Yetişkin olarak bir an durup geçmişimizden ne kadar uzakta bir yerlerde olduğumuzu algılamaya çalışırsak çocuklarımızın ve gençlerin yolu açılacak. Allah yavrularını anne babanın avuçlarına bırakırken onları beden, ruh ve zihin bütünlüğü içinde sunuyor. Biz yetişkinler anne baba olarak, kurduğumuz örgütler aracılığı ve tüm toplum onların beden, ruh ve zihin bütünlüğüne biçim vermeye, ruhlarını ve zihinlerini biçimlendirmeye çalışıyoruz. Çocuk Allah’ın bir hikmeti, evrenle bağlantılı bir bütünsellik içinde mükemmel bir varlıktır. Bu cümleyi daha anlaşılır yazabilmek için hemen herkes tarafından kullanılan bir terimi kullanmak gerekirse, insan ve dolayısıyla “çocuk doğanın bir parçasıdır.” Yürüttüğümüz hemen her türlü “yetiştirme”, “talim terbiye” girişimi çoğu kez çocuğun evrene ilişkin bu bağlantısal bütünlüğünü bozmaktadır. İnsan düşüncesi ile kendini ve evrendeki yerini algılamak durumundadır. Birkaç gün önce bir tarlada bu yıl ilk kez leyleği gördüm; toprakta solucan arıyordu. Geleceği ilişkin konumumu gördüm ilk önce, “bu sene seyahat etmeyeceğimi”; çünkü “leyleği havada” değil yerde gördüm. Sonra solucanı düşündüm; toprağı işleyerek bereketini artıran bu canlının 383 nöronu var, benim bir milyar. Ancak leyleksiz, solucansız bir dünyada ben neden varım ve neden onlara üstünlük taslıyorum. Yaratıldığımız bu dünyada “eşrâfı mahlukât” olmak için bu sıfatımızı korumak, şerefli davranmak için tüm varlığın bütünselliği içindeki yerimizi kabullenmemiz gerekiyor.

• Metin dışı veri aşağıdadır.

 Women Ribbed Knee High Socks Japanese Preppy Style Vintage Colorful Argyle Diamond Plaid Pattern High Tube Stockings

Biz, yetişkinler olarak, evrenin bu bağlantısal bütünselliği içinde kendimizi “insan için yaşam” algılamasından, “yaşam için insan” ilkesine yüceltmemiz, daha doğrusu indirgememiz gerekir. Yaşam içinde her şey diğeri ile eşdeğerlidir. Bu nedenle “insanı yaşam içinde gören” bir bakış açısıyla eğitimi gözden geçirmek, düzenlemek zorundayız. Bugüne değin hep bilimi özellikle fen bilimlerini doğayı tanımaktan öte onu kontrol etmek, onunla başa çıkmak amacıyla vermeye çalıştık. Dünyayı evrenin merkezi, insanın karargahı olarak tanıttık. Dut yaprağı, ipek böceği, koza, tırtıl, kelebek arasındaki ilişkiyi açıklamadan ipeği görmeyi alışkanlık haline getirdik. İnsanı zihnen en güçlü varlık olarak tanımlamakta ısrar ediyoruz. Eğitimi insan için tasarlamak ve uygulamaktan vazgeçip; yaşam için eğitim fikrine ulaşmaya çok zamanımız kaldığını sanmıyorum. Eğitim sadece insan için değil, “yaşam için” kavramında verilmelidir.

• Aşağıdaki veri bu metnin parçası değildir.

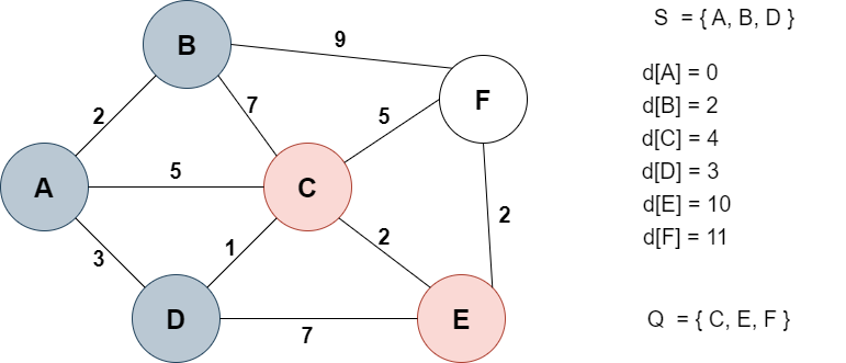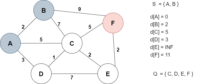 B에서 방문 가능한 F 거리 없데이트 C 의 거리를 업데이트 하려고 보니 2 + 7 (A를 거쳐 B에서 C )은 5 (A에서 C) 보다 값이 큼으로 업데이트 하지 않습니다 최소 거리의 값이 중요하기때문입니다.

Yukarıdaki satırlarda açıklamaya çalıştıklarım, bir kısım meslektaşlarımız için kuramsal, felsefi, uygulamadan, hatta hayattan ve gerçeklerden kopuk veya uzak düşünceler olarak tanımlanabilir. Bir bakıma doğrudur; benim burada verdiklerim yepyeni bir düşünce akımının, düşünce biçiminin yönergeleridir. Bu yeni bilimsel düşünce biçimi ile
Determinizmin yerini olasılık,
Diyalektiğin yerini bağlantısal bütünlük
Beden-zihin-bilinç ayrılığının yerini, bütünlüğü almaktadır.

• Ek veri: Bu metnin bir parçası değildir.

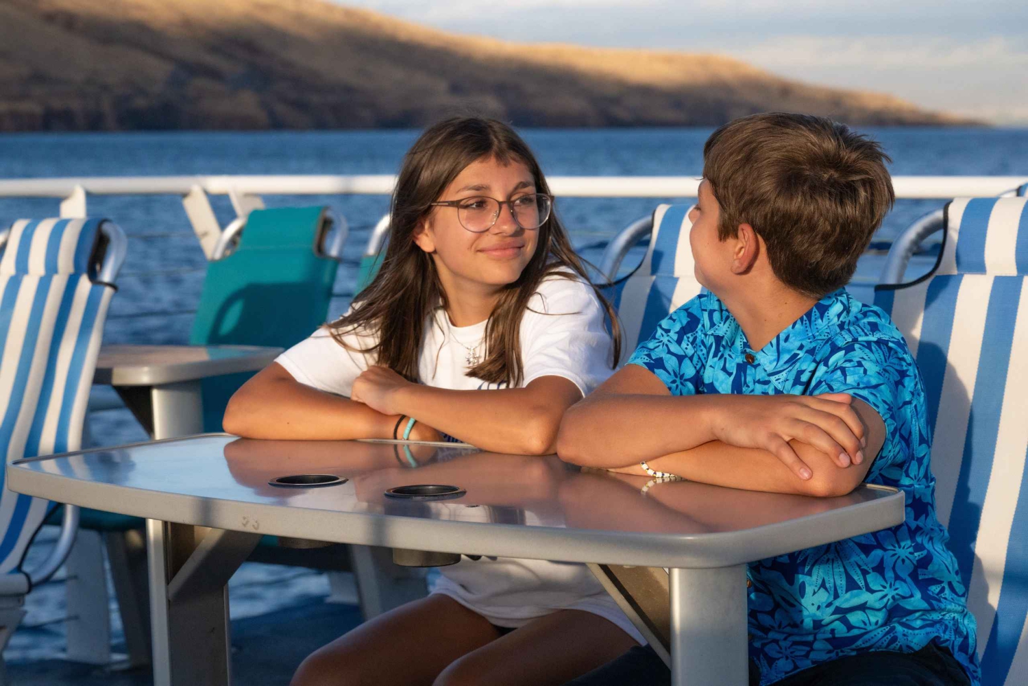 Enquanto janta, aprecia a vista de Kaho'olawe e Lanai à distância, bem como o melhor local para mergulho com snorkel, a cratera Molokini. Contemple as montanhas Kahalawai de Maui que se estendem em direção ao céu. É provável que veja baleias jubarte que visitam as ilhas vindas do Alasca, juntamente com outros mamíferos marinhos.

Biz eğitimciler, eğitim ve okul yöneticileri olarak öğrenim süreci kapsamında bireyin gelişimi için bize önemli ipuçları veren beyin, genetik, özellikle epigenetik ve büyük bağlantısallık çalışmaları, araştırmaları ve bulguları ile yakından ilgilenmek konumundayız. Bunları üst yönetimden “Bakanlıktan” beklemek çok geleneksel ve sonuçsuz bir yönelimdir. Şimdi camiadan herkesin, deliler gibi okuması, izlemesi, dinlemesi, yazması konuşması zamanıdır. Dolu dolu öğretmenler, okul ve eğitim yöneticileri avuçlarımızdaki gelecek olan çocuklarımız için “daha farklı” neler yapabileceklerinin düşüncesi ve çabasında olmaları gerekiyor. Okuyan kendini geliştiren bir öğrenim takımı için geleceği tahmin etmek çok kolay: Çocuklarımız bize, onlara sağladığımız, hazırladığımız, yaşattığımız çevrelere göre cevap vereceklerdir. Çocuklarımızın genetik yapılarını bozmadan, fıtratlarına uygun, beyinlerinin 2 üssü 1.000.000.000 (bir milyar) çözüm yeteneğini unutmadan ve kendileri için değil, evrenin bütünselliğinde yaşamak için yetiştirilmelerini izlence olarak öneriyorum.